Выступления кабаре проходили с неизменным успехом. Украшенные блёстками и страусовыми перьями Машки и Наташки, все как одна дородные блондинки, пели и плясали, высоко вскидывая ноги и приводя в неистовство смуглых темпераментных латиносов. Володя в серебряном костюме лавировал среди них на одноколёсном велосипеде, жонглируя тарелками и булавами.

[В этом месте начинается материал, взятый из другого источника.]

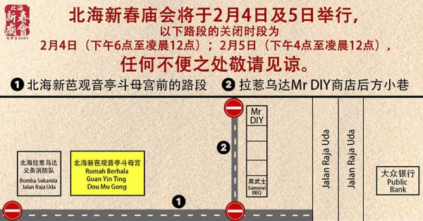 (北海3日讯)为了让于明后2天举行的北海新春庙会之癸卯元宵庆丰年顺利进行,新芭观音亭斗母宫前的路段(Lorong Perniagaan Melur 1)及拉惹乌达Mr DIY商店后方小巷将暂时封路。
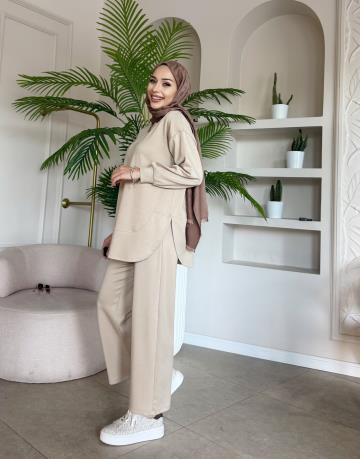 YIRTMAÇ DETAY BOL PAÇA TAKIM BEJ
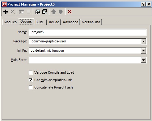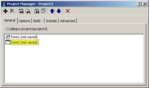Allegro CL starts with one blank form as part of a default project. The General tab of the project manager (displayed with View | Project Manager) shows all modules (a module may have one or more files associated with it) associated with a project. Form modules have two or three associated files: one .cl (source) file, one .bil file, and (if there are pixmaps associated with the form,) one .bml file. All have the same name but different extensions. The Project Manager shows the form name and the location of the form source (.cl) file if it is saved.
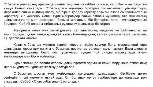 Когда члены семьи уважают и любят, эта семья самая счастливая. Члены семьи проявляют уважение друг к другу, преподнося друг другу сюрпризы, даря подарки по праздникам, поддерживая друг друга. Потому что их объединяют семейные духовные ценности. Гостеприимство семьи варьируется в зависимости от национальности, традиций и моды. Поскольку казахский народ - гостеприимный народ, в казахской семье давно утвердились такие семейные программы, как чествование старших, забота о младших, празднование праздников в темном шаныраке. Когда ребенок рождается, он отмечает такие праздники, как июль, свадьбу в колыбели, подношение, обрезание вместе с родными. Семейные традиции и праздники укрепляют доверие и уважение членов семьи. Это также играет важную роль в обучении будущих поколений. Потому что «Отечество начинается с семьи».
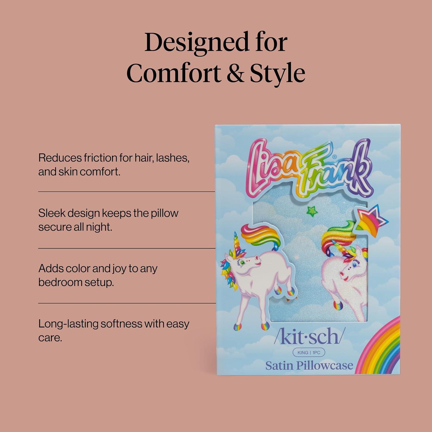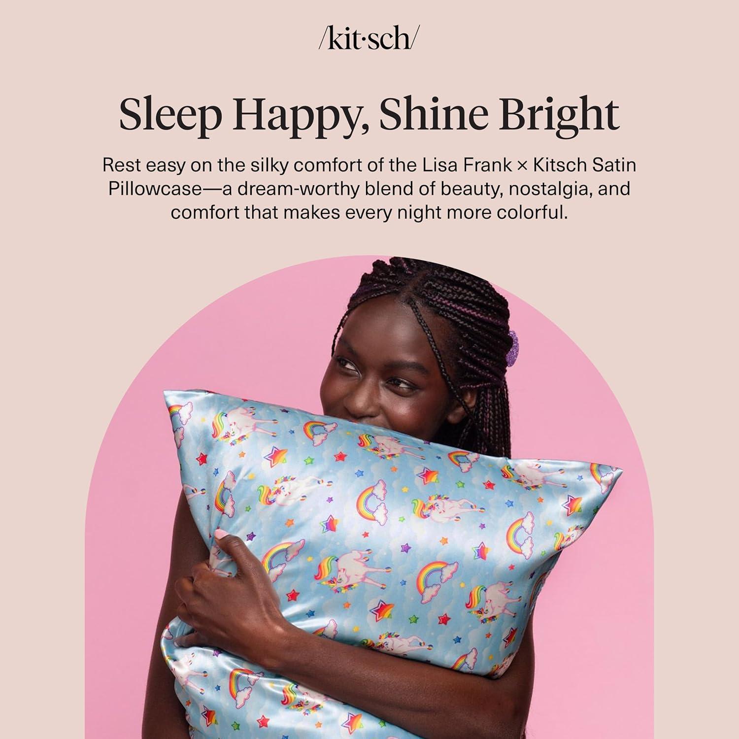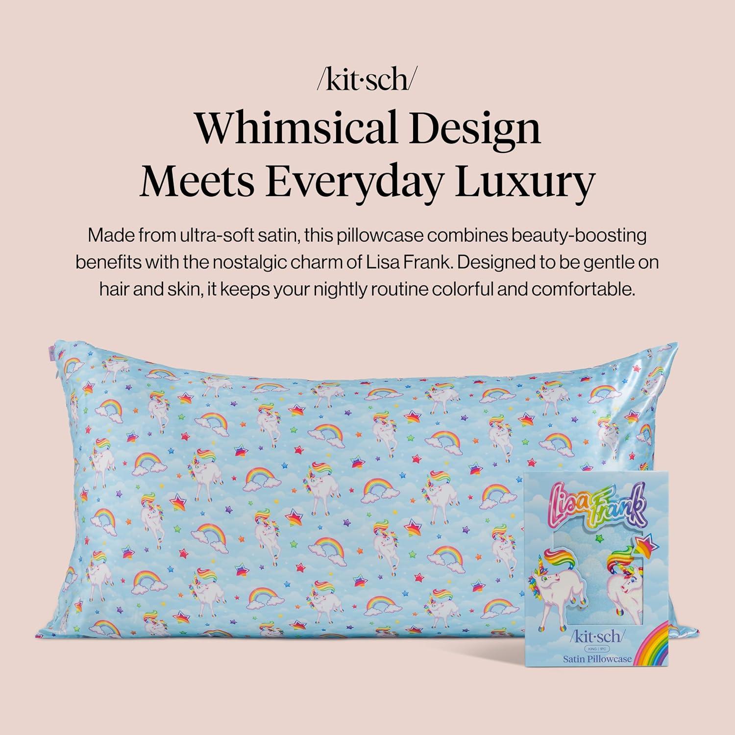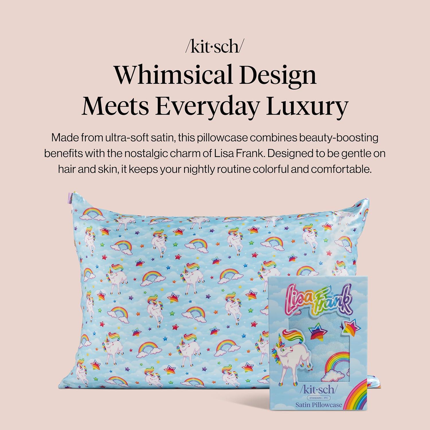 Bridgerton x Kitsch Satin Pillowcase with Zipper for Hair & Skin – Softer Than Silk Pillow Cases, Smooth Cooling Satin Pillow Case, Wrinkle-Free Pillow Cases Standard Size (19×26) – Wisteria(Lisa Frank)
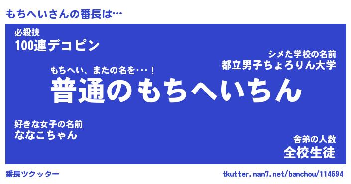 | 男性向けラノベタイトル風あだ名 | 『もちへいの憂鬱』 |
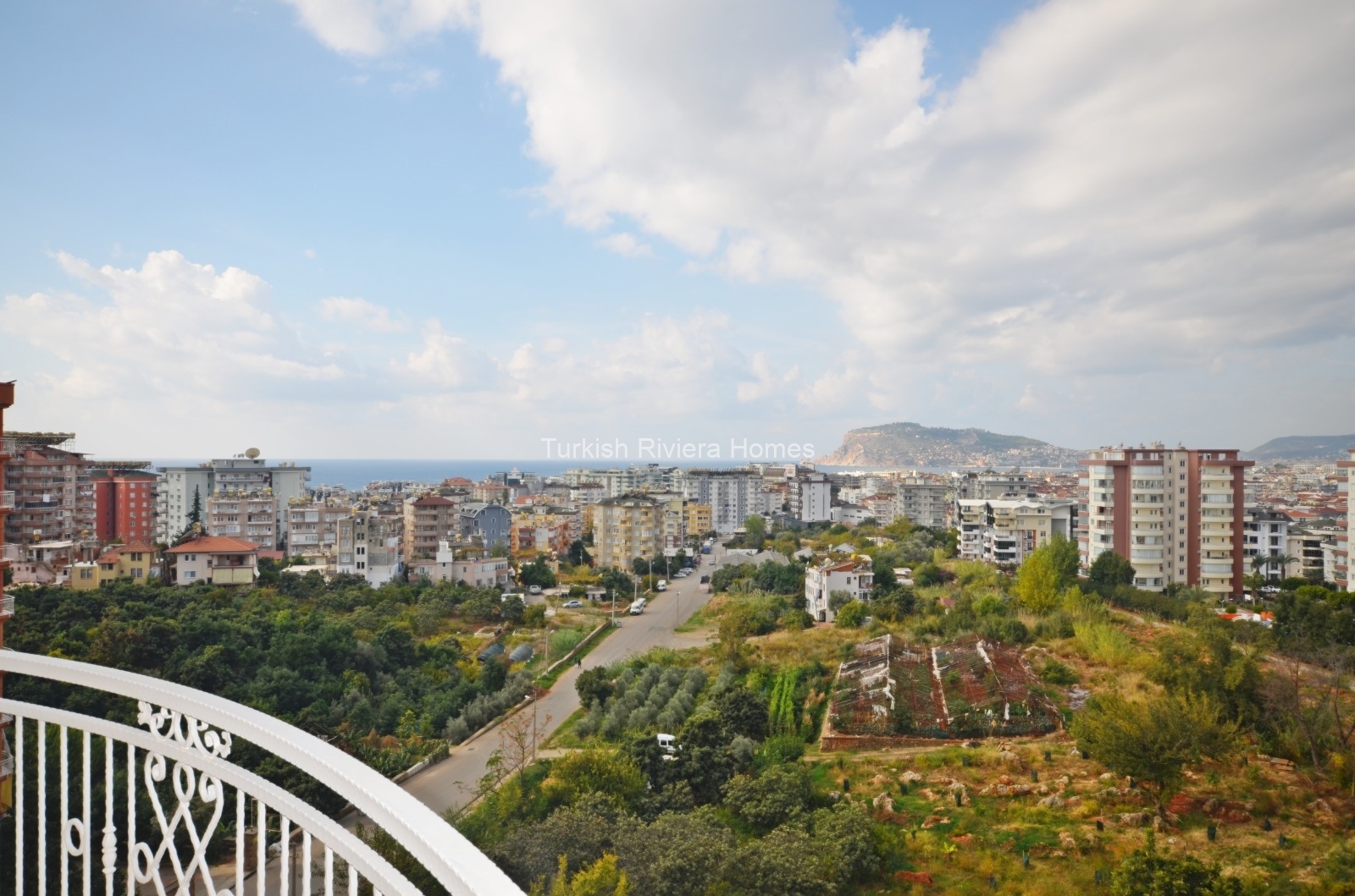 شقة من نوع 1+2 بإطلالات رائعة على البحر و قلعة ألانيا الذي يعود تاريخها إلى القرن الثالث عشر الميلادي، تحتوي الشقة على غرفتي نوم، حمامان، مطبخ مجهز بما في ذلك السلع البيضاء بمخطط مفتوح على غرفة المعيشة، تبلغ مساحتها 120 متر مربع بسعر 175,000 يورو. توجد الشقة في الطابق السابع ضمن مجمع راقي و جميل حيث يوفر العديد من الخدمات و الأنشطة الترفيهية منها:

Всё шло хорошо. Володя привык к аплодисментам и жаркому тропическому солнцу и даже выучил несколько испанских слов. Но одна вещь не переставала его удивлять: помимо столиц и крупных городов, дающих большие сборы, кабаре останавливалось в небольших удалённых от центра селениях, где люди ходили босиком, а по улицам бродили домашние животные, и где выступления были абсолютно убыточны. В Венесуэле они заехали в затерянный в сельве поселок со странным названием Матаамбре, что, как объяснила циркачу танцовщица, знающая испанский язык, означало "Замори червячка", в Чили посетили городок Номбре-де-Диос — "Имя Божье", в Боливии — деревеньку Паловерде — "Зеленая палка", а в Колумбии — село с совсем уже непонятным названием Орденьяторо — "Подои быка"…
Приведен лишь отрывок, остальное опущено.